Technology Creates New Efficiencies, But Are Water Utilities Prepared for the Security Risk?

Aug 2, 2017 4:00 PM ET

Technology Creates New Efficiencies, But Are Water Utilities Prepared for the S…

Yahoo!, the Democratic National Convention and the U.S. Department of Justice were among the high-profile victims hit by major cyber attacks in 2016. Many people believe it’s only a matter of time before a water utility joins the list.

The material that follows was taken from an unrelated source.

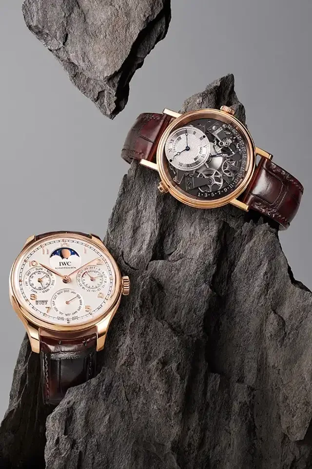 Echte Klassiker: IWC Portugieser Perpetual Calendar (45.900 Euro) und Breguet Tradition Quantième Rétrograde 7597 (42.000 Euro)
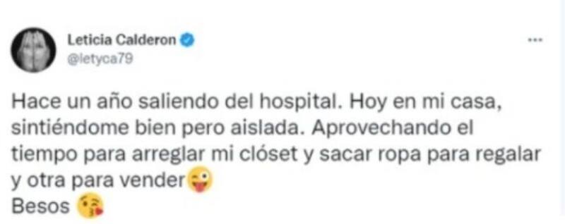 “Hace un año saliendo del hospital. Hoy en mi casa, sintiéndome bien pero aislada. Aprovechando el tiempo para arreglar mi clóset y sacar ropa para regalar y otra para vender. Besos”, escribió en su cuenta de Twitter. En el posteo recibió muestras de afecto y algunos famosos enviaron sus mejores deseos.

Some consider physical security to be the weak link in ensuring a well-protected water supply; while others worry that the Internet of Things has created an incalculable number of entry points for hackers to create mischief.

The water industry is challenged with near crisis-level aging infrastructure in many parts of the nation, inconsistent revenue, rising costs, justifying rate increases, achieving threat resilience and an aging workforce. Risk and vulnerability assessments can guide resources to the highest priorities.

Download the 2017 Water Industry Report

These advances from increased digitalization promise new water management efficiencies, but they also offer more potential vectors for hackers that can lead to disabling critical infrastructure or releasing personal information.

Such threats haven’t appeared to induce broader investments in systems or applications to lock down these key assets. The 2017 Strategic Directions: Water Industry Report reveals that 57 percent of respondents are spending less than $1 million annually on physical security for water treatment plants and large remote facilities. Another 59 percent reported they’re earmarking less than $1 million per year on cybersecurity for IT. More than a third of survey respondents are spending up to $5 million a year to shore up their security efforts in these two critical areas.

Survey responses, however, provide reasons for cautious optimism that risk and vulnerability assessments are being funded and completed. More than 50 percent of water utility survey respondents indicated they have completed a risk or vulnerability assessment in the past five years. Still, more needs to be done because the industry as a whole appears to be underinvesting in, and undervaluing, security.